Lo menos que uno debe hacer es reconocer a las personas como personas. Todo daño generado a alguien es también un daño para todos los que lo rodean. Por mucho tiempo deseé que el mundo fuera color de rosa, que no existiera el hambre ni la miseria que vemos actualmente. Que las guerras solo fuera de palabras, nunca con armas de liquidación masiva. Que los conflictos nunca fueran más lejos del pórtico de tu casa. Y que los enojos de cada persona durasen solo momentos y no morirnos con ellos. Deseé demasiado quizás, soñé despierto y no le di a mi imaginación el suficiente tiempo para darme cuenta que era sólo un sueño.

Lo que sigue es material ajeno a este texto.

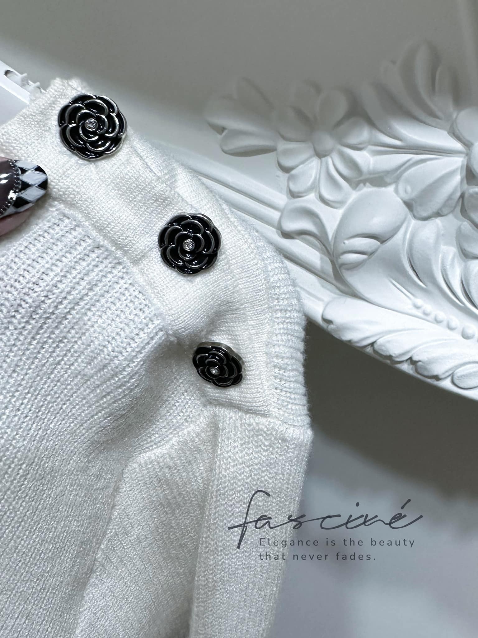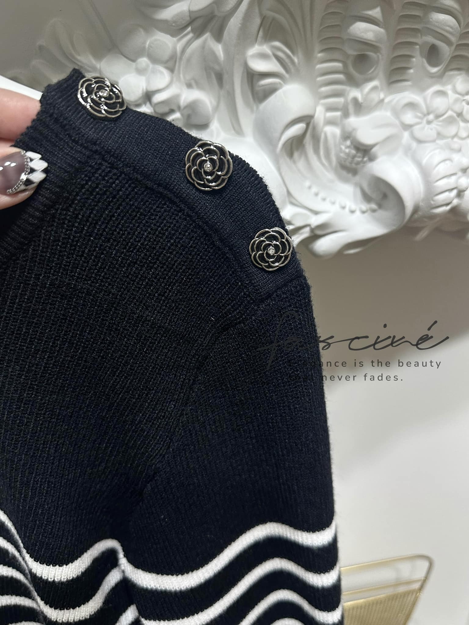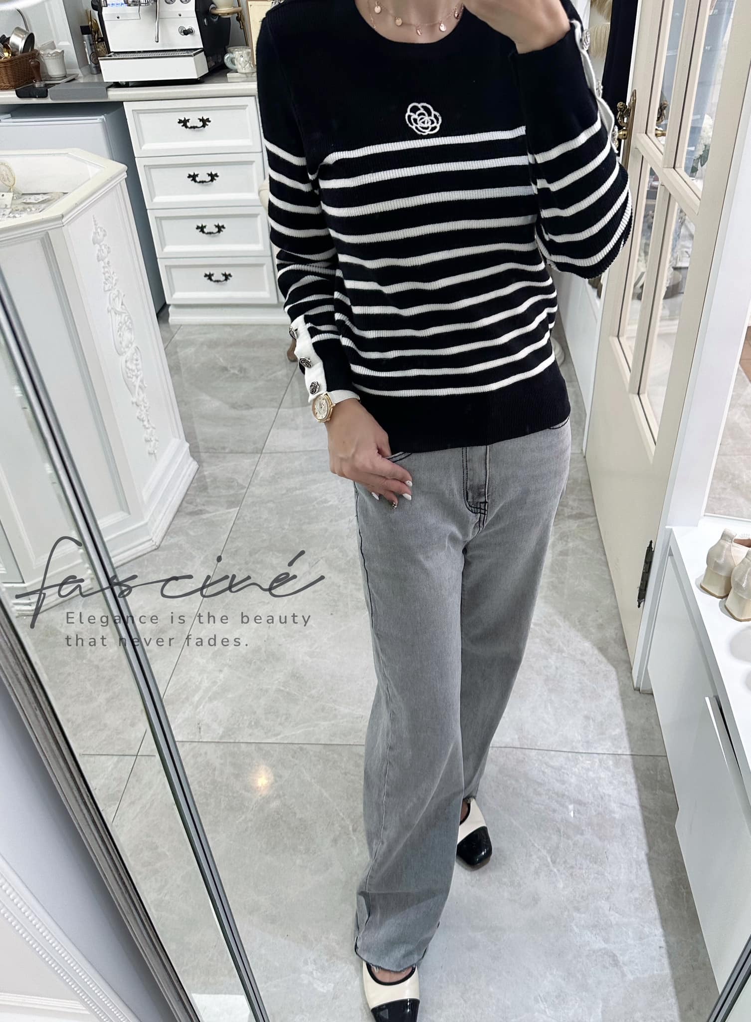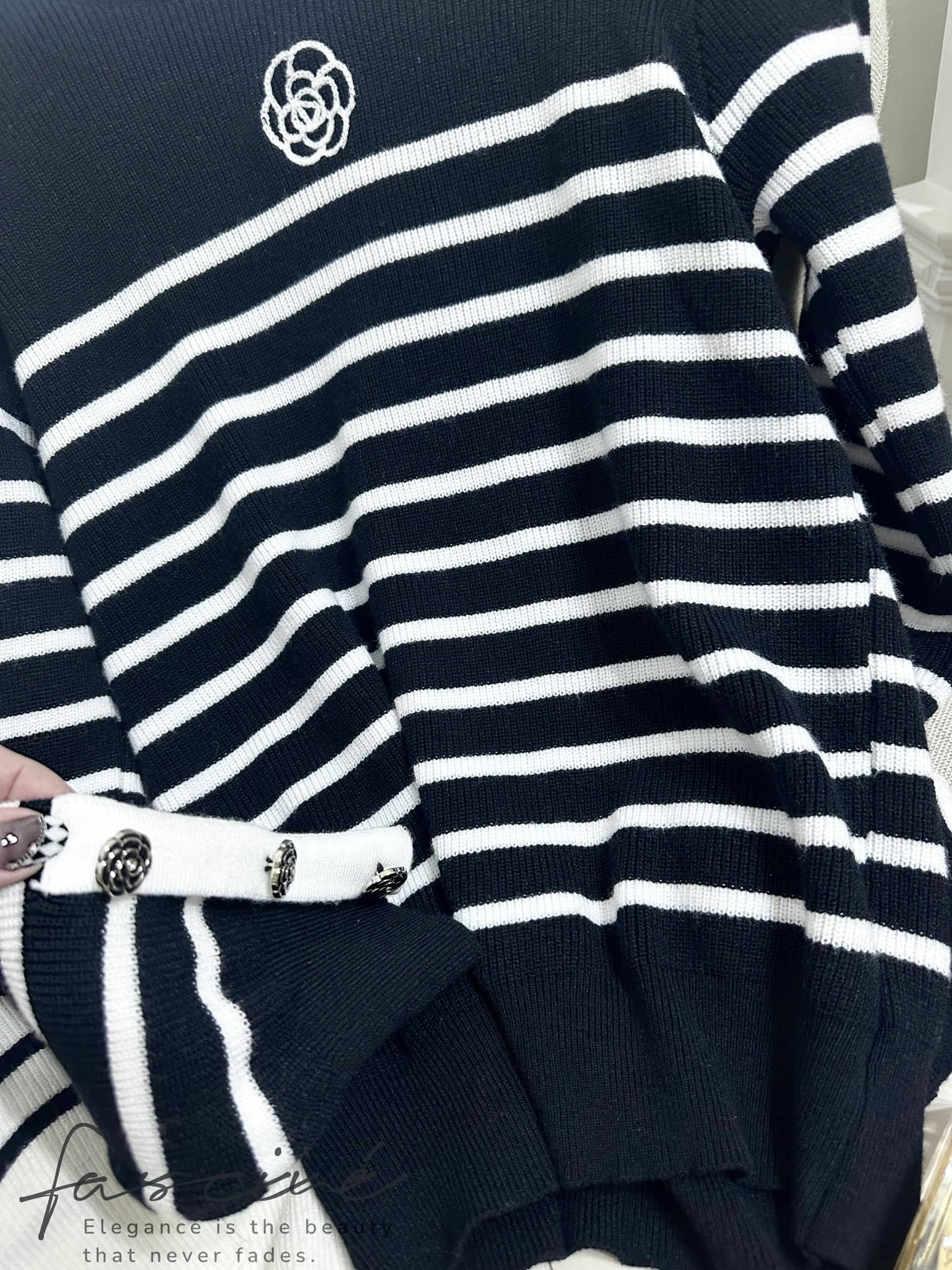 (03T08-25) 法式山茶花刺繡肩釦條紋氣質百搭針織上衣

Inicié cortos Reflexivos pensando que en verdad la gente reflexionaría por los hechos ocurridos en el mundo, en esto no se si lo estoy logrando o ya lo haya logrado. “En Ríodoce hemos experimentado una soledad macabra porque nada de lo que publicamos tiene ecos ni seguimiento y esa desolación nos hace más vulnerables…” (Valdez, Cárdenas, Javier. Video, Sep. 22 de 2011, CPJ International Press Freedom Awards).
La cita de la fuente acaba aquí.